Feel the Best With the Essential Options Now in Factoring Invoices

The majority of commercial enterprises grant payment terms to their customers. However, when the deadlines begin to lengthen, the company may find itself in cash trouble. However, it is possible to reduce or even bypass this deadline by selling its receivables to a factoring company. But what is factoring and how does it work? What are the different types of factoring and when should we use it?

What is factoring?

Factoring, also known as factoring, is an affordable financing technique for any type of company provided that it works with a clientele of companies. With the net 30 invoicing this is important.

When a company uses this technique, it sells its receivables to a specialized agency: the factoring company, also known as a factor.

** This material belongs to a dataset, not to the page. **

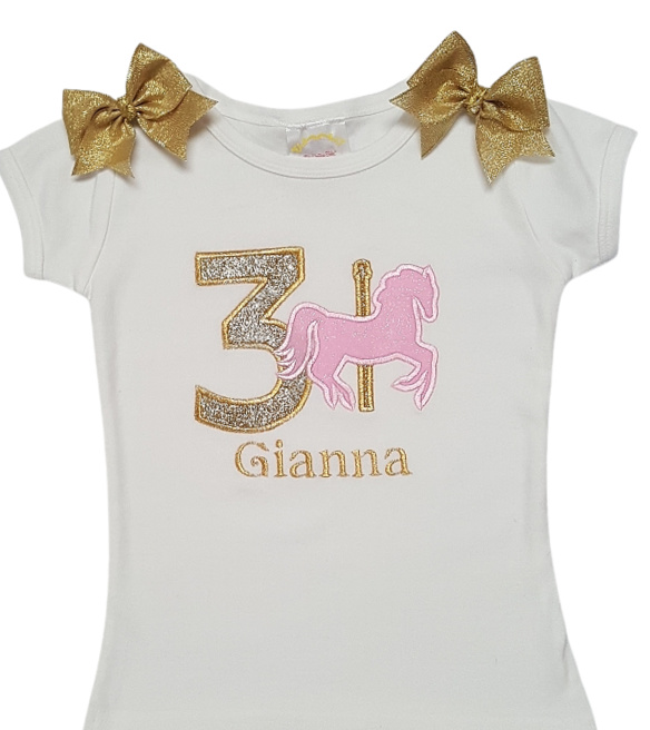 Carousel design on front-choice of age with gold sparkle and her name embroidered with metallic gold thread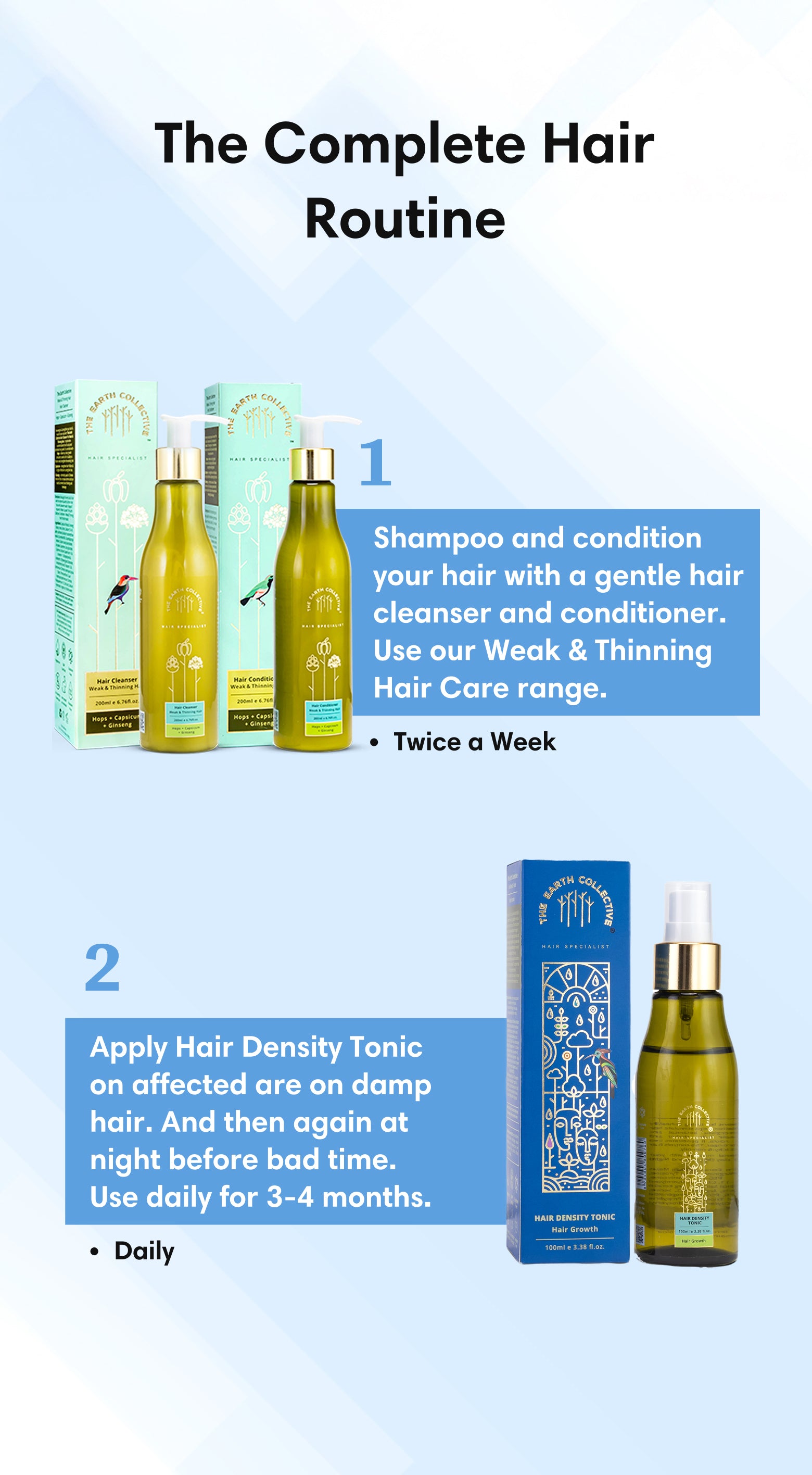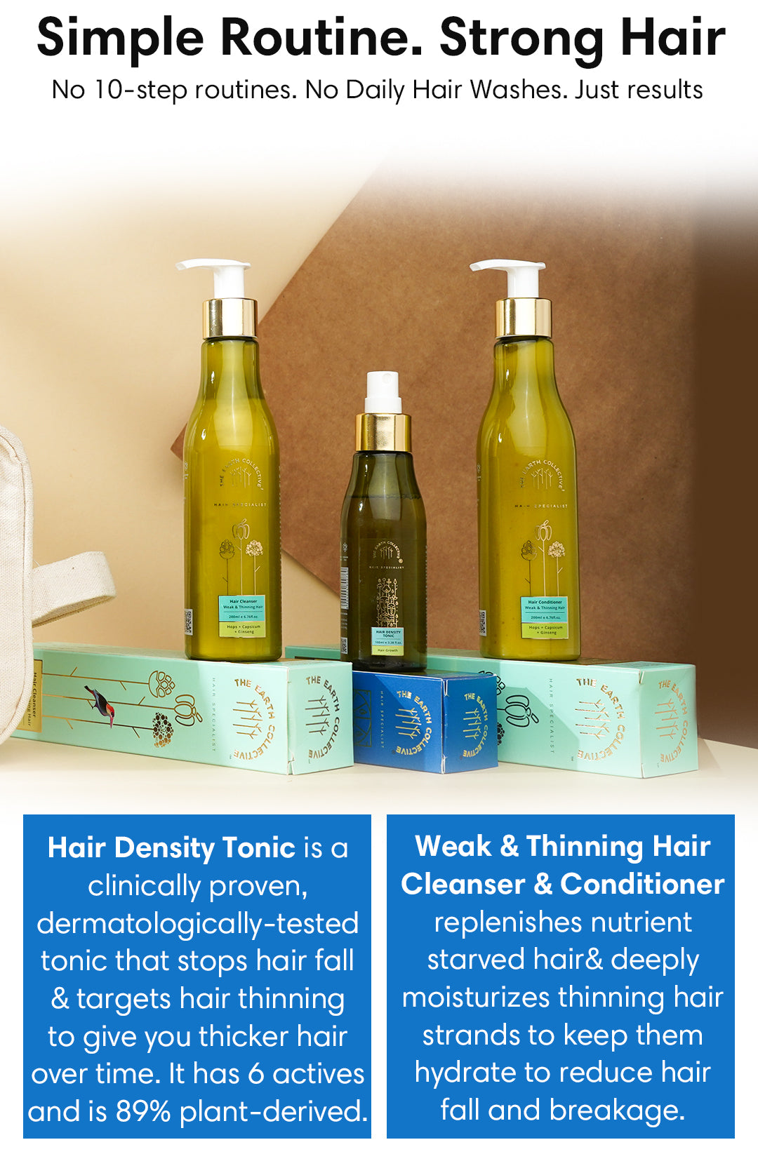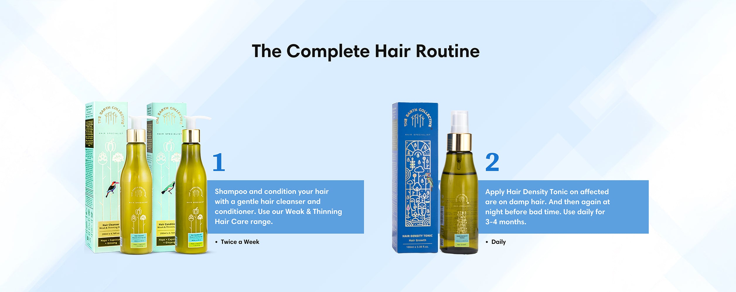 - Hair Wash Days: Use The Weak & Thinning Hair Cleanser & Conditioner. Apply the cleanser on your wet scalp, massage it in and wash it off. Follow it up with the conditioner. Apply generously from mid-length to ends. Leave on for 3 minutes & wash off.

In exchange for this transfer, the company recovers immediately in return for the cash from receivables sold.

In practice, factoring makes it possible to recover funds immediately and without waiting for the payment deadline.

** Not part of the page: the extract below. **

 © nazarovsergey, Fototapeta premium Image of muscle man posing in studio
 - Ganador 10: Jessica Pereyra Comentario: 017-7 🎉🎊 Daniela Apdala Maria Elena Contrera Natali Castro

When to use factoring and how does it work?

The issuance of an invoice is synonymous with appearance of claim: it is immediately possible to appeal to a factoring company. The factoring process is divided into three stages:

  1. Creation and sale of debt

The company charges a service or a product to the customer. The claim related to this invoice is then transferred to the factor, according to the terms stipulated in the factoring contract. The factor sends the company a notice of purchase of debt.

  1. Payment of funds

Once the commissions and the holdback are collected, the factoring company settles the claim to the company (up to a certain limit: 80% on average).

  1. Finalization

The debt repurchased by the factor is paid, the latter then refunds to the company the holdbacks.

Which factoring to choose?

Depending on the cash flow requirements or the commercial policy of the company, the type of factoring varies.

 

Confidential factoring: the company uses a factoring company without its client being informed

Factoring notified but not managed: the company transfers its debt to the factoring company but nevertheless retains control over the collection. This solution, which is cheaper by around 20%, is preferred by companies that do not have any problem with recovery.

Subrogation (or factoring notified): unlike confidential factoring, the customer is here informed that he must pay the invoice to a factoring company.

Features and pricing

During a factoring request, the company and the factoring company sign a factoring contract. The latter sets the framework in which the company can sell its receivables. The contract generally specifies the “rate” of the factoring company, the retention of guarantee and its performance.